Now Middleton experienced a new sensation. He was going to reward somebody who was kind to him in the past when he was poor. Glowing with pleasure, he slid a pound note out of his pocket and pressed it into the coster’s calloused palm, saying: “I wouldn’t like to see you walking home. Better have this.”
“Well!” said the coster, t
oo surprised to swear. “Well, now, that’s——”
“ – That’s quite all right.”
“Next time you pass by my stall, I’ll let you ’ave it back, if you make it late next week,” said the coster; and such was the pressure of grateful emotion that the arteries in his neck became thick as ropes. “On my oath! Gawd bless you – good luck to you!”
“Say no more about it,” said Middleton, and went to join Louisa and Trew.
“I was just getting the lady out of the way, and then I was coming back to give you a hand,” said Trew.
“Quite unnecessary, old boy. I handled him,” said Middleton.
“Oh Ted, I never knew you were so brave!” said Louisa.
“You certainly did stand up to him, old man,” said Trew.
“More than some people would have done,” said Louisa.
Trew was ashamed of his cowardice. He had had about enough of this Middleton, who was smiling smugly at the sky – this prig of a Middleton, who, not satisfied with seventy-six thousand pounds, had to push himself forward and blossom as a hero. Well, let’s wait and see his face to-morrow, thought Trew, and smiled.
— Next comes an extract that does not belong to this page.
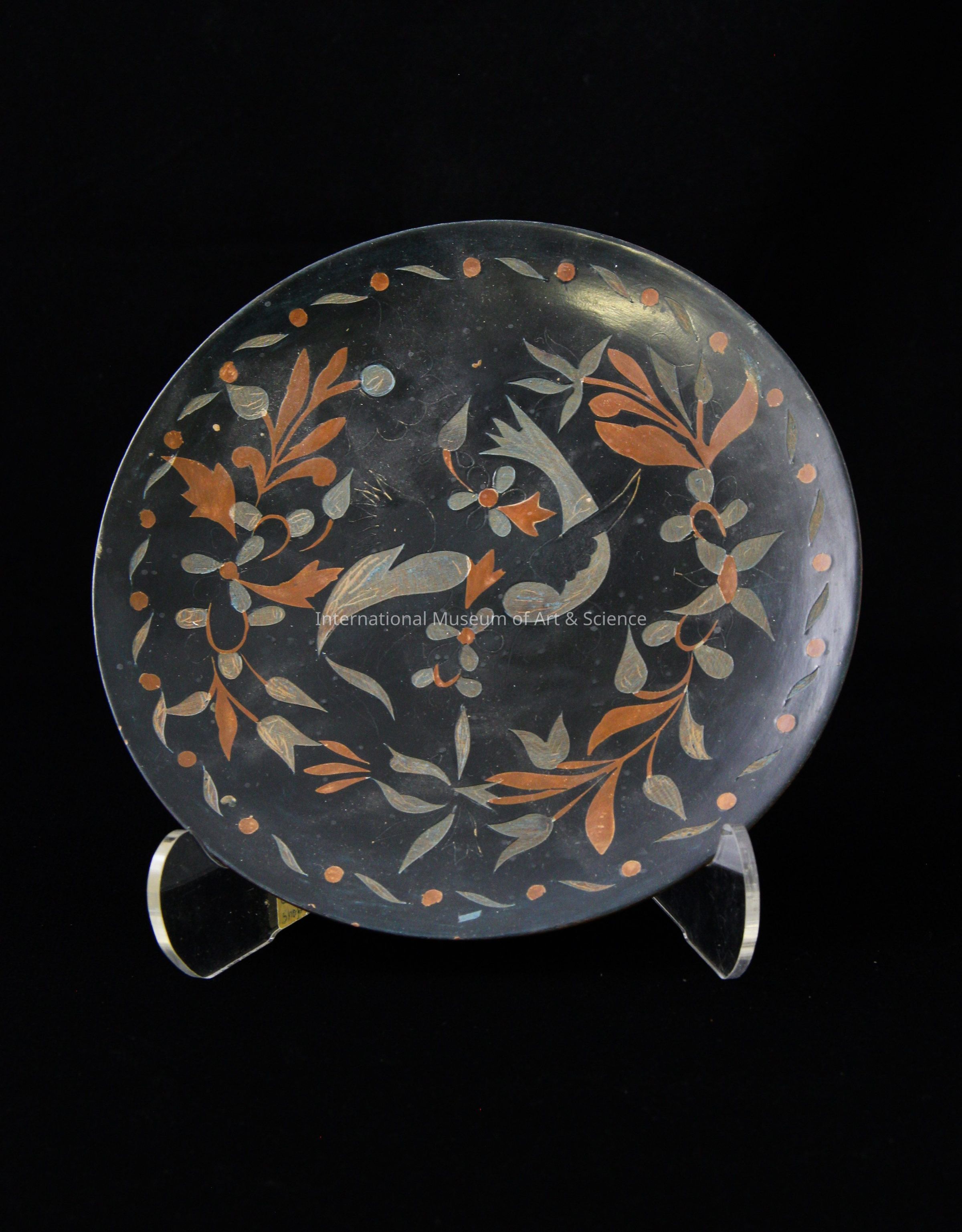 A wood plate. The underside of the plate is a dark brown and the top is painted black with designs carved into the surface. There are both aniaml and floral motifs carved into the surafce. The designs have also been painted with oranges and greys.Artwork Details

The coster went back to his wife and said: “There you are, you see! Do a good turn and get done one back. ’Arf the night you nagged me about them watercreases I give that clurk on Saturday. Better give ’em to some poor devil than chuck ’em in the dust-’ole, I said, them creases’r no good to us – blimey, do a good deed wiv ’em and chance it! Well, that was the geezer I give them creases to, and look at what ’e give me.” He opened his hand dramatically; then continued: “Let’s get back ’ome and put these bloody little miseries to bed, and you and me go to the rub-a-dub and ’ave a pig’s-ear. What say?”
“Suits me.”
So the coster and his old ball-and-chain took the God-forbids (or kids) to Uncle Ned (or bed); and went to the rub-a-dub (or pub) and drank pig’s-ear (or beer), singing “Knees Up Mother Brown” until closing time. Then there was a bull-and-cow (or row), in the course of which the coster received a damaged mince-pie (or eye). Having won the battle and shaken hands with his defeated enemy, he was helped by his wife to climb the apples-and-pears (or stairs); and went to bo-peep . . . healthy, dreamless bo-peep.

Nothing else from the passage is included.